### To do
Pictures in the entries below are excluded; copy only the lines from the one containing "Матрица предназначена для" to the one containing "I went straight", both included.

Source information Start Marker

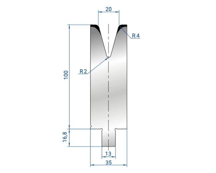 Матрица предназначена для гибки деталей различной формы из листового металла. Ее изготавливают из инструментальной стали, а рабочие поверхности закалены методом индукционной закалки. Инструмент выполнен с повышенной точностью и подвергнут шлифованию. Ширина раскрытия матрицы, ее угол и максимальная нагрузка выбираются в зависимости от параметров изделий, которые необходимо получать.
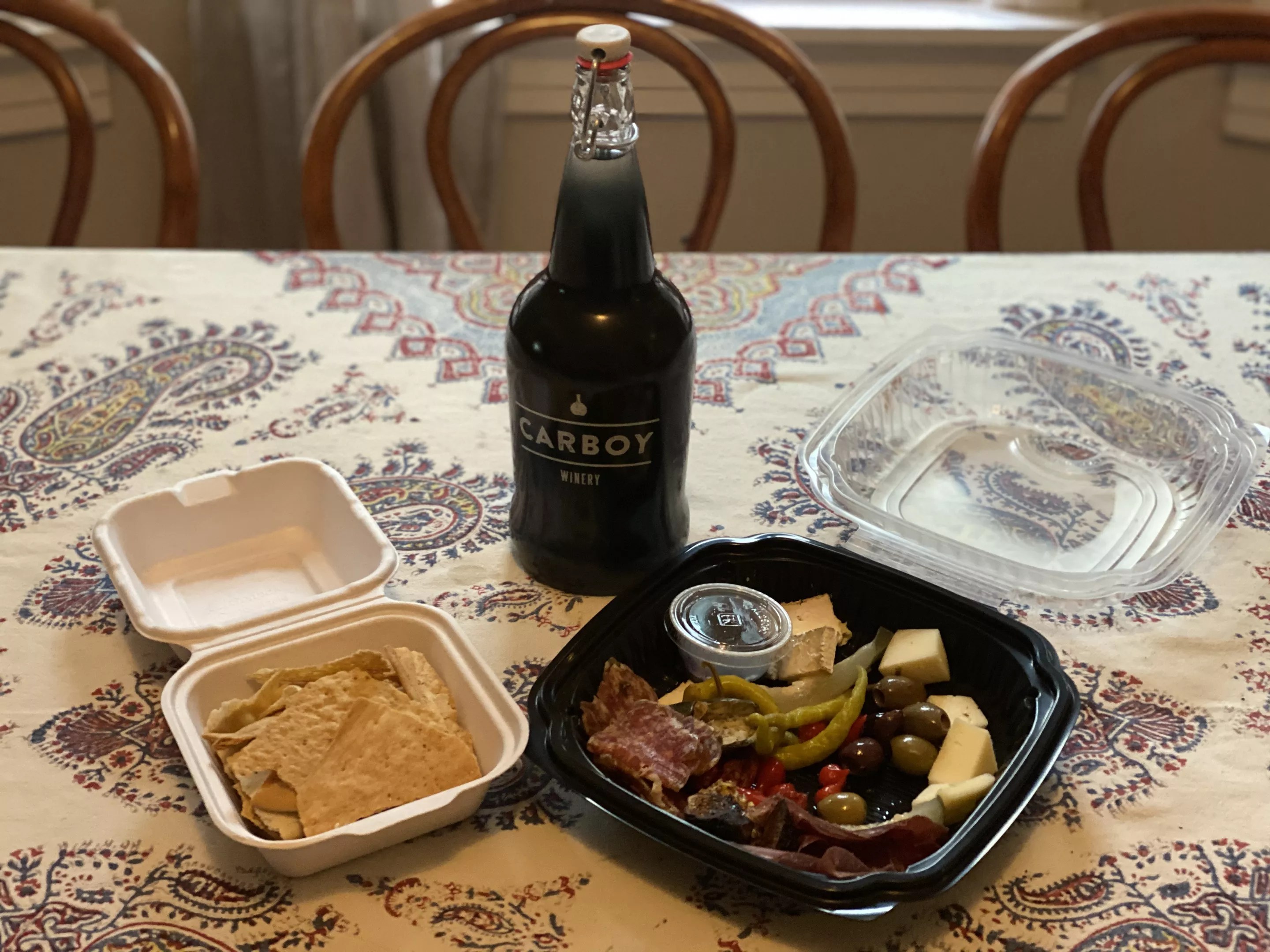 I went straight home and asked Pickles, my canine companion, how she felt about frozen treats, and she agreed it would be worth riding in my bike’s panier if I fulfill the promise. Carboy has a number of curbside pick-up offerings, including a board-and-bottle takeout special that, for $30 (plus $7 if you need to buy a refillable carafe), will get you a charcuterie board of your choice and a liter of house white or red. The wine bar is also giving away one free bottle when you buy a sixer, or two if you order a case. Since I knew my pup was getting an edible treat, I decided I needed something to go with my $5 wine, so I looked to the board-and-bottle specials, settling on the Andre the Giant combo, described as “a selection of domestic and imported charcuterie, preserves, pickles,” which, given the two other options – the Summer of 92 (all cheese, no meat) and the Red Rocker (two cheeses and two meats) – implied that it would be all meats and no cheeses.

Source information End Marker
Source information Start Marker

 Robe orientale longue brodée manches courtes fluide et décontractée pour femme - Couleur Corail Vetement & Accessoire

Source information End Marker

### Answer below
 Матрица предназначена для гибки деталей различной формы из листового металла. Ее изготавливают из инструментальной стали, а рабочие поверхности закалены методом индукционной закалки. Инструмент выполнен с повышенной точностью и подвергнут шлифованию. Ширина раскрытия матрицы, ее угол и максимальная нагрузка выбираются в зависимости от параметров изделий, которые необходимо получать.
 I went straight home and asked Pickles, my canine companion, how she felt about frozen treats, and she agreed it would be worth riding in my bike’s panier if I fulfill the promise. Carboy has a number of curbside pick-up offerings, including a board-and-bottle takeout special that, for $30 (plus $7 if you need to buy a refillable carafe), will get you a charcuterie board of your choice and a liter of house white or red. The wine bar is also giving away one free bottle when you buy a sixer, or two if you order a case. Since I knew my pup was getting an edible treat, I decided I needed something to go with my $5 wine, so I looked to the board-and-bottle specials, settling on the Andre the Giant combo, described as “a selection of domestic and imported charcuterie, preserves, pickles,” which, given the two other options – the Summer of 92 (all cheese, no meat) and the Red Rocker (two cheeses and two meats) – implied that it would be all meats and no cheeses.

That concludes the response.